### WHAT IS NEEDED
All lines from the first line of the material up to and including the line with "2. Krugovi se" must be copied exactly, and no others.

### DATA FOR THE TASK
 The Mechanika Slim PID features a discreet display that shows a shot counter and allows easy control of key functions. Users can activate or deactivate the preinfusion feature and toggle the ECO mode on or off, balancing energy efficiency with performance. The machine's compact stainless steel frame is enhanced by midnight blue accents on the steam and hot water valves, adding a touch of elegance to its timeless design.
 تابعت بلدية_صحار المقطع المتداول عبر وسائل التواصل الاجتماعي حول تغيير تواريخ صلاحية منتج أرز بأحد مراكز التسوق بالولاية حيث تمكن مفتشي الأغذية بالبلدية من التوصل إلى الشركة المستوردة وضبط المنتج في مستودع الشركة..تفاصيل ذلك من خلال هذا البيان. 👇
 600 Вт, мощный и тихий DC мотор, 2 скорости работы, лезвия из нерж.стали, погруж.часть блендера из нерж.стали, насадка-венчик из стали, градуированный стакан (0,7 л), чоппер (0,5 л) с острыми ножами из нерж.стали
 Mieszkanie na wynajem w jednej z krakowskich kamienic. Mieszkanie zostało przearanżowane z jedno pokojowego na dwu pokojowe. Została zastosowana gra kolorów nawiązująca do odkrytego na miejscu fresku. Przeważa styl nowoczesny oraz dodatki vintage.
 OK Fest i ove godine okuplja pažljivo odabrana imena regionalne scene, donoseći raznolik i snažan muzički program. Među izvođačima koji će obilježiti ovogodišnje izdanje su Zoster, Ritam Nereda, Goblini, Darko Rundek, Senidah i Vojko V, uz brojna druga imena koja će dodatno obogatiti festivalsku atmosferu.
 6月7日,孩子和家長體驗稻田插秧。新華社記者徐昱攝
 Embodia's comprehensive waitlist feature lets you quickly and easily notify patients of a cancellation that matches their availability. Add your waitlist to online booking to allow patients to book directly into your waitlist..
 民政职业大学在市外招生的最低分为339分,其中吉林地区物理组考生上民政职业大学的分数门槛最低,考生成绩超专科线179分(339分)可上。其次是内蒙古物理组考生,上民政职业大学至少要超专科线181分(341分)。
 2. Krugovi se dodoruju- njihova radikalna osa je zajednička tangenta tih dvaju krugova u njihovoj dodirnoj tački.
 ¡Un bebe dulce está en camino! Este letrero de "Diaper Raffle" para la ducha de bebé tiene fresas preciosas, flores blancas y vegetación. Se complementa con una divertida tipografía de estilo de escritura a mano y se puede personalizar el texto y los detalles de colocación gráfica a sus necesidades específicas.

### REPLY TO THE TASK
 The Mechanika Slim PID features a discreet display that shows a shot counter and allows easy control of key functions. Users can activate or deactivate the preinfusion feature and toggle the ECO mode on or off, balancing energy efficiency with performance. The machine's compact stainless steel frame is enhanced by midnight blue accents on the steam and hot water valves, adding a touch of elegance to its timeless design.
 تابعت بلدية_صحار المقطع المتداول عبر وسائل التواصل الاجتماعي حول تغيير تواريخ صلاحية منتج أرز بأحد مراكز التسوق بالولاية حيث تمكن مفتشي الأغذية بالبلدية من التوصل إلى الشركة المستوردة وضبط المنتج في مستودع الشركة..تفاصيل ذلك من خلال هذا البيان. 👇
 600 Вт, мощный и тихий DC мотор, 2 скорости работы, лезвия из нерж.стали, погруж.часть блендера из нерж.стали, насадка-венчик из стали, градуированный стакан (0,7 л), чоппер (0,5 л) с острыми ножами из нерж.стали
 Mieszkanie na wynajem w jednej z krakowskich kamienic. Mieszkanie zostało przearanżowane z jedno pokojowego na dwu pokojowe. Została zastosowana gra kolorów nawiązująca do odkrytego na miejscu fresku. Przeważa styl nowoczesny oraz dodatki vintage.
 OK Fest i ove godine okuplja pažljivo odabrana imena regionalne scene, donoseći raznolik i snažan muzički program. Među izvođačima koji će obilježiti ovogodišnje izdanje su Zoster, Ritam Nereda, Goblini, Darko Rundek, Senidah i Vojko V, uz brojna druga imena koja će dodatno obogatiti festivalsku atmosferu.
 6月7日,孩子和家長體驗稻田插秧。新華社記者徐昱攝
 Embodia's comprehensive waitlist feature lets you quickly and easily notify patients of a cancellation that matches their availability. Add your waitlist to online booking to allow patients to book directly into your waitlist..
 民政职业大学在市外招生的最低分为339分,其中吉林地区物理组考生上民政职业大学的分数门槛最低,考生成绩超专科线179分(339分)可上。其次是内蒙古物理组考生,上民政职业大学至少要超专科线181分(341分)。
 2. Krugovi se dodoruju- njihova radikalna osa je zajednička tangenta tih dvaju krugova u njihovoj dodirnoj tački.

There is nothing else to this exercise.